Information shown:
- - -
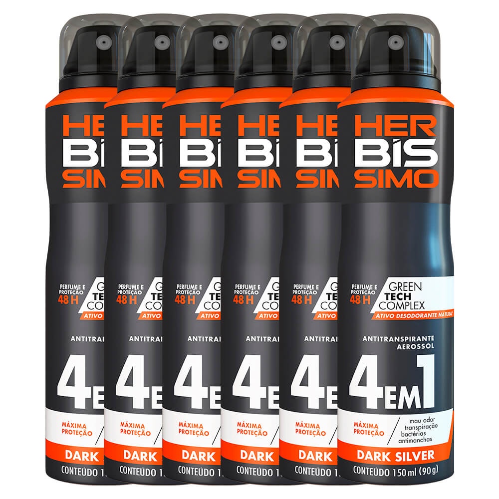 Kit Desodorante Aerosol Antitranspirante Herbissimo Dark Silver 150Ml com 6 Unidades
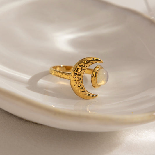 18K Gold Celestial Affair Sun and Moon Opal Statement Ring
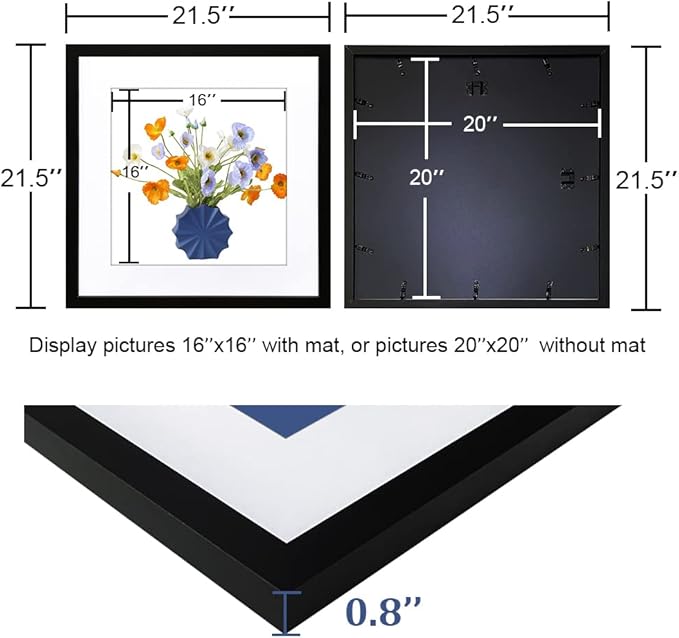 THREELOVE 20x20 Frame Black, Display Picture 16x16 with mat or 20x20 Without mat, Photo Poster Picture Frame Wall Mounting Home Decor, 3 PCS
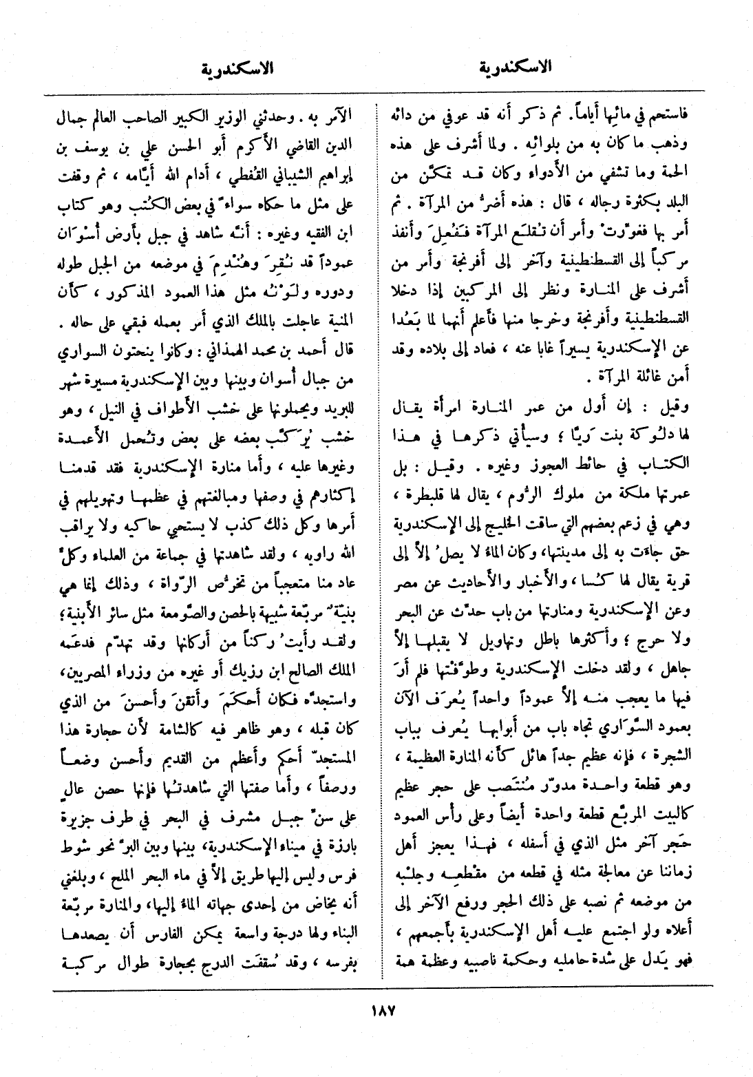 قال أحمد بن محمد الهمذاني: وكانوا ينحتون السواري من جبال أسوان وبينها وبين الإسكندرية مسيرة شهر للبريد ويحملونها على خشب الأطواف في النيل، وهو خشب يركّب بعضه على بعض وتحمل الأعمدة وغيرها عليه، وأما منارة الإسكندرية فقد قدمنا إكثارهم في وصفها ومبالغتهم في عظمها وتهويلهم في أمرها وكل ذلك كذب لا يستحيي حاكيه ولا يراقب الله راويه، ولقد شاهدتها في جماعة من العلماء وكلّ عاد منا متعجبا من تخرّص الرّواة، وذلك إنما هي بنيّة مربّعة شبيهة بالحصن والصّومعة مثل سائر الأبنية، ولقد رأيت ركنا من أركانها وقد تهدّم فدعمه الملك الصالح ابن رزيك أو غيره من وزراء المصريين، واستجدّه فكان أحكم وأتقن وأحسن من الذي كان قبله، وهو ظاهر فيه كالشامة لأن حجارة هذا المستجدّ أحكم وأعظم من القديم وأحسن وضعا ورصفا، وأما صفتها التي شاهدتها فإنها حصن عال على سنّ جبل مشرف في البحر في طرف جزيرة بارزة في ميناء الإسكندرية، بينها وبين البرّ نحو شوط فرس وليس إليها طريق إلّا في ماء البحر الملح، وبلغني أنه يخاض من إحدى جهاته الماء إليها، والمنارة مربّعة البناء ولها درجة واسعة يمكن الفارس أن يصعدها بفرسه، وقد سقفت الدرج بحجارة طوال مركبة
- - -
Exercise brief: Write out the line that contains "THREELOVE 20x20 Frame" and every line after it to the end of the data, exactly as they stand. Omit the pictures.

Result for this task:
 THREELOVE 20x20 Frame Black, Display Picture 16x16 with mat or 20x20 Without mat, Photo Poster Picture Frame Wall Mounting Home Decor, 3 PCS
 قال أحمد بن محمد الهمذاني: وكانوا ينحتون السواري من جبال أسوان وبينها وبين الإسكندرية مسيرة شهر للبريد ويحملونها على خشب الأطواف في النيل، وهو خشب يركّب بعضه على بعض وتحمل الأعمدة وغيرها عليه، وأما منارة الإسكندرية فقد قدمنا إكثارهم في وصفها ومبالغتهم في عظمها وتهويلهم في أمرها وكل ذلك كذب لا يستحيي حاكيه ولا يراقب الله راويه، ولقد شاهدتها في جماعة من العلماء وكلّ عاد منا متعجبا من تخرّص الرّواة، وذلك إنما هي بنيّة مربّعة شبيهة بالحصن والصّومعة مثل سائر الأبنية، ولقد رأيت ركنا من أركانها وقد تهدّم فدعمه الملك الصالح ابن رزيك أو غيره من وزراء المصريين، واستجدّه فكان أحكم وأتقن وأحسن من الذي كان قبله، وهو ظاهر فيه كالشامة لأن حجارة هذا المستجدّ أحكم وأعظم من القديم وأحسن وضعا ورصفا، وأما صفتها التي شاهدتها فإنها حصن عال على سنّ جبل مشرف في البحر في طرف جزيرة بارزة في ميناء الإسكندرية، بينها وبين البرّ نحو شوط فرس وليس إليها طريق إلّا في ماء البحر الملح، وبلغني أنه يخاض من إحدى جهاته الماء إليها، والمنارة مربّعة البناء ولها درجة واسعة يمكن الفارس أن يصعدها بفرسه، وقد سقفت الدرج بحجارة طوال مركبة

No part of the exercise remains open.